> Work to complete
Everything from the line with "Zara Green Paisley Cutout Dress Size Large" to the line with "本研究的单分子荧光成像结果显" in the listing below, both lines included, needs to be copied exactly, apart from the pictures.

> Exercise data
————————

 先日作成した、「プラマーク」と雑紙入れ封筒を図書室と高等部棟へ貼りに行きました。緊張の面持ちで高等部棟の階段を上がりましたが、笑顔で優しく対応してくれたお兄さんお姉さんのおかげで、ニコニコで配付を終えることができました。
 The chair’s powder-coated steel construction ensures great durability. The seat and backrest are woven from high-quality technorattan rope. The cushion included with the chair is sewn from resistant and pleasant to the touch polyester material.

————————

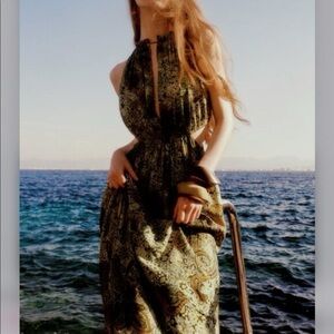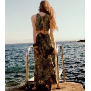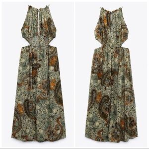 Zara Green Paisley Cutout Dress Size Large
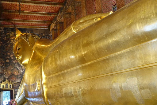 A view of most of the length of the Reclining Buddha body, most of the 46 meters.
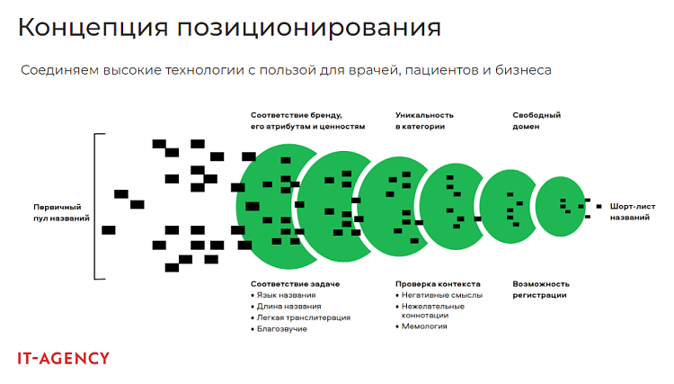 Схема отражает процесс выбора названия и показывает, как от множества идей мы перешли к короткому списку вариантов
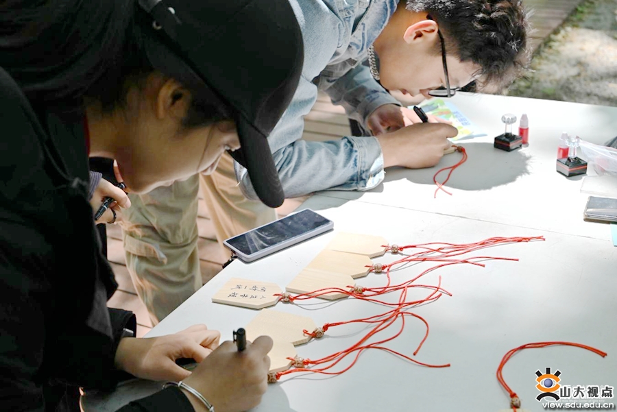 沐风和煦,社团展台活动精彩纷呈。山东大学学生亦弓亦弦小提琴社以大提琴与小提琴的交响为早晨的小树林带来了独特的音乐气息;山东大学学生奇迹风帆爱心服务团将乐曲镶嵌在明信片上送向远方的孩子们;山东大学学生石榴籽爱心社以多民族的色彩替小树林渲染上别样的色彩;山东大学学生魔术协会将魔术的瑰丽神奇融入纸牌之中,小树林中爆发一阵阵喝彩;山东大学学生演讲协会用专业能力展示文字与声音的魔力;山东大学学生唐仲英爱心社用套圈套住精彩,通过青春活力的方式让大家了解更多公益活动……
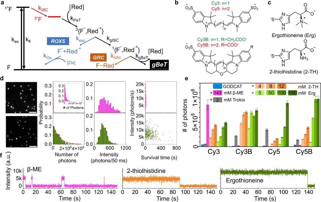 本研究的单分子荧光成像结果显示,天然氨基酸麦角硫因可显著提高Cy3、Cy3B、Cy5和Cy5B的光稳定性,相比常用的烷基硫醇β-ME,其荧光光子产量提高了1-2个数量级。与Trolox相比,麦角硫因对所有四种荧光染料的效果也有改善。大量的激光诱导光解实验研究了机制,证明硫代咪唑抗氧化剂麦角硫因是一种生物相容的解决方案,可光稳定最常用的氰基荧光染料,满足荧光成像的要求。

————————

> Response below
 Zara Green Paisley Cutout Dress Size Large
 A view of most of the length of the Reclining Buddha body, most of the 46 meters.
 Схема отражает процесс выбора названия и показывает, как от множества идей мы перешли к короткому списку вариантов
 沐风和煦,社团展台活动精彩纷呈。山东大学学生亦弓亦弦小提琴社以大提琴与小提琴的交响为早晨的小树林带来了独特的音乐气息;山东大学学生奇迹风帆爱心服务团将乐曲镶嵌在明信片上送向远方的孩子们;山东大学学生石榴籽爱心社以多民族的色彩替小树林渲染上别样的色彩;山东大学学生魔术协会将魔术的瑰丽神奇融入纸牌之中,小树林中爆发一阵阵喝彩;山东大学学生演讲协会用专业能力展示文字与声音的魔力;山东大学学生唐仲英爱心社用套圈套住精彩,通过青春活力的方式让大家了解更多公益活动……
 本研究的单分子荧光成像结果显示,天然氨基酸麦角硫因可显著提高Cy3、Cy3B、Cy5和Cy5B的光稳定性,相比常用的烷基硫醇β-ME,其荧光光子产量提高了1-2个数量级。与Trolox相比,麦角硫因对所有四种荧光染料的效果也有改善。大量的激光诱导光解实验研究了机制,证明硫代咪唑抗氧化剂麦角硫因是一种生物相容的解决方案,可光稳定最常用的氰基荧光染料,满足荧光成像的要求。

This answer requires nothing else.